Can you think of something from your own childhood that you brought to this project?
Laurena: I have lots of memories of exploring freely as a child, such as exploring outside, or looking through my mom’s closet and playing dress-up. So, I wanted to bring a feeling of exploration, as well as surprise. During a visit to PlayPark, my kids loved looking through the cupboards and finding the toys that were in there.
Every surface has storage behind it. That alone is an element of exploration. This contrasts with a lot of other pediatric spaces, where you see toys everywhere. It feels busy, and it’s almost overstimulation. Whereas at PlayPark, you have a clean, bright, airy space, and you can interact with surfaces in different ways. All the clutter is hidden.
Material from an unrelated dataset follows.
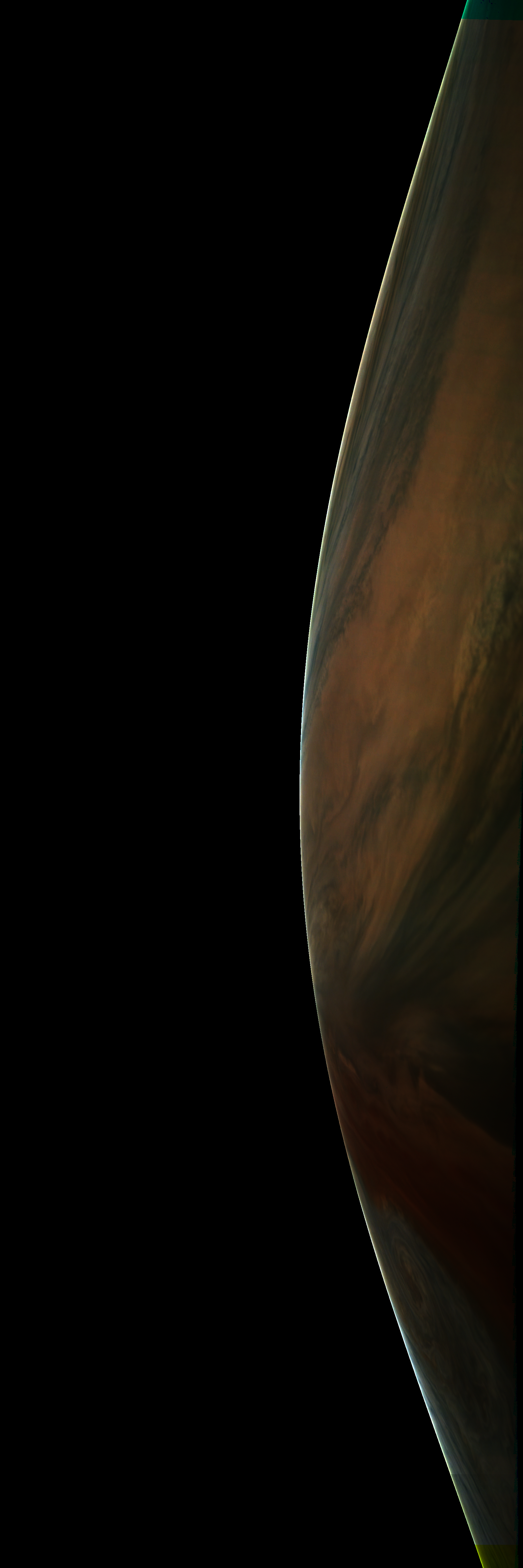 Resolution is 30 pixels per degrees in an equidistant cylindrical system centered to the camera at image stop time, with an axis parallel to Juno's spin axis. The rendered field of view is 60x180 degrees.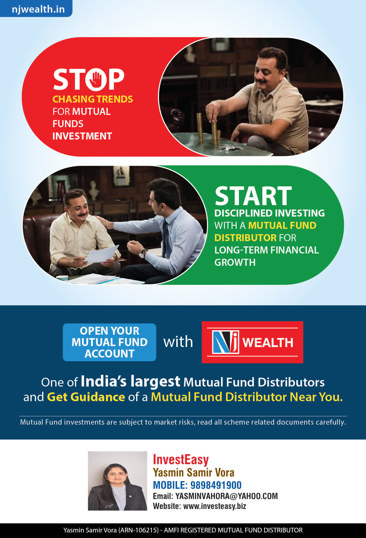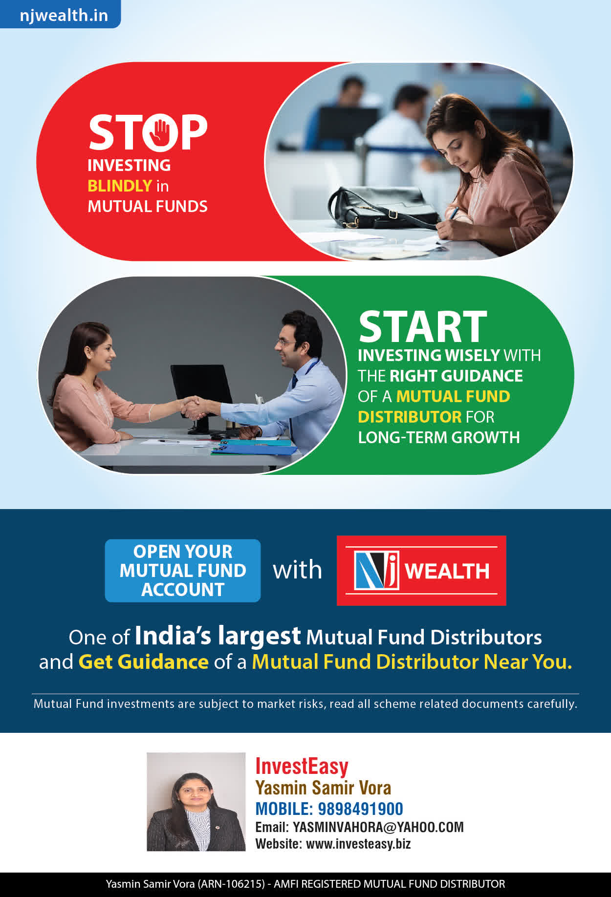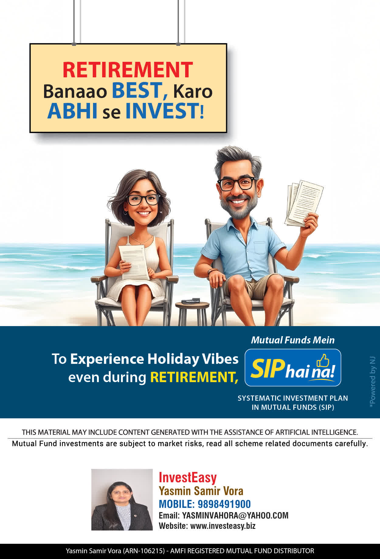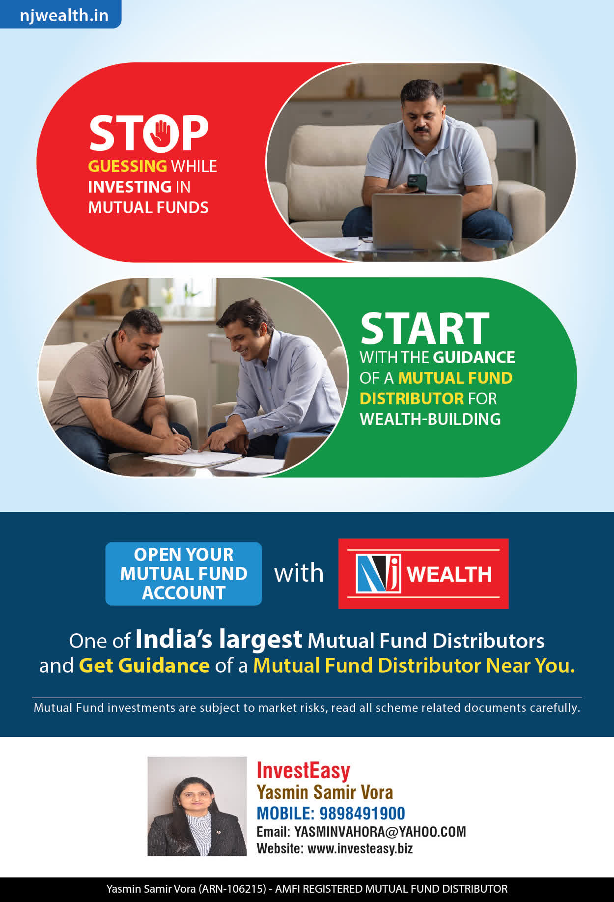 At, Invest Easy(Yasmin Vora) our mission is to provide our clients with the best solutions in wealth creation and wealth management. We are driven to provide clients with simple, unbiased and uncluttered professional advice that adds value to their quality of life and results in actionable solutions.

And there’s that element of surprise, as kids discover what’s behind each door.
Do you have any final pieces of advice to offer someone approaching a project like this?
Olivera: Don’t just focus on technology. When designing for kids, we often tend to look at new technologies, such as interactive screens. But with this project, the focus was on play. It turned out to be more of a whimsical place, where kids have opportunities to be themselves.
Laurena: It’s possible to create a fun space while simultaneously working within the confines of a hospital. We designed PlayPark to hospital standards, in terms of infection control. We used all the same materials that other healthcare spaces use—like rubber floors and solid surfaces—and we considered cleaning, like you would in any other area of the hospital. Everything was wipeable. You can utilize those materials in a way that creates an environment that doesn’t look institutional.